The court will not be making a final ruling on birthright citizenship

The administration is asking for the court orders to be reined in, not overturned entirely, and spends little time defending the executive order. The Justice Department argues that there has been an “explosion” in the number of nationwide injunctions issued since Trump retook the White House. The far-reaching court orders violate the law as well as long-standing views on a judge's authority, Solicitor General D. John Sauer wrote on behalf of the administration.

Courts typically deal only with the parties before them. Even class actions reach only the people who are part of a class certified by a judge, though those can affect millions of people, Sauer wrote.

Nationwide injunctions, by contrast, have no limits and can even include parties who oppose what the court orders are designed to protect, he wrote. As an example, Sauer pointed to Republican-led states that favor the administration's position but are subject to the nationwide injunctions.

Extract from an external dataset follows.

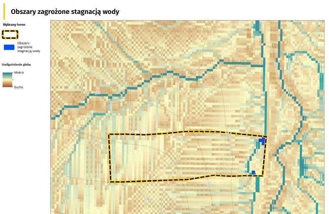 Dane z raportu: Wykryto niewielki obszar zagrożony stagnacją wody w północno-wschodniej, najniższej części działki.
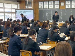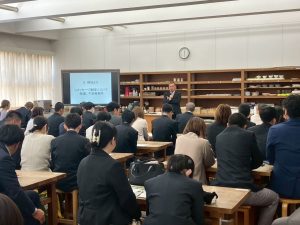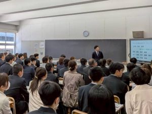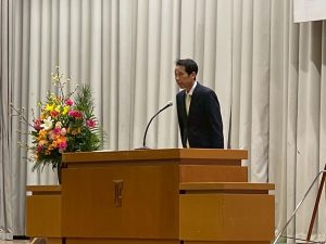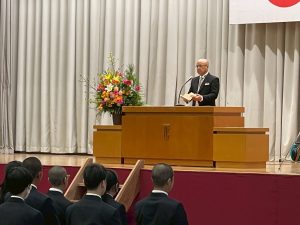 続いての式辞で馬場校長先生は、「決して長くない3年間(4年間)を大切に歩んで」と有工生活の門出に言葉を贈りました。祝辞では有田町の吉永教育長様、全日制PTA会長の筒井様からお祝いのことばを頂戴しました。

But the justices may well ask about Trump's executive order and perhaps even tip their hand.

Lawyers for the states and immigrants argue that this is an odd issue for the court to use to limit judges' authority because courts have uniformly found that Trump's order likely violates the Constitution. Limiting the number of people who are protected by the rulings would create a confusing patchwork of rules in which new restrictions on citizenship could temporarily take effect in 27 states. That means a child born in a state that is challenging Trump's order would be a citizen, but a child born at the same time elsewhere would not, the lawyers said.

Arguments over emergency appeals are rare

The Supreme Court almost always takes up the underlying substance of a dispute, not an emergency appeal of court orders issued early in a legal case.

The main argument against the court deciding too much on the emergency, or shadow, docket is that the justices are intervening too early in the process, sometimes before lower courts have had much to say or the legal arguments are fully developed.

Last year, the justices heard arguments in emergency appeals, then blocked the Environmental Protection Agency’s air pollution-fighting “good neighbor” plan, which aimed to restrict smokestack emissions from power plants and other industrial sources that burden downwind areas with smog-causing pollution.

Two years earlier, the court delivered a split decision that allowed rules requiring COVID-19 vaccines for health care workers but not for employees of large companies.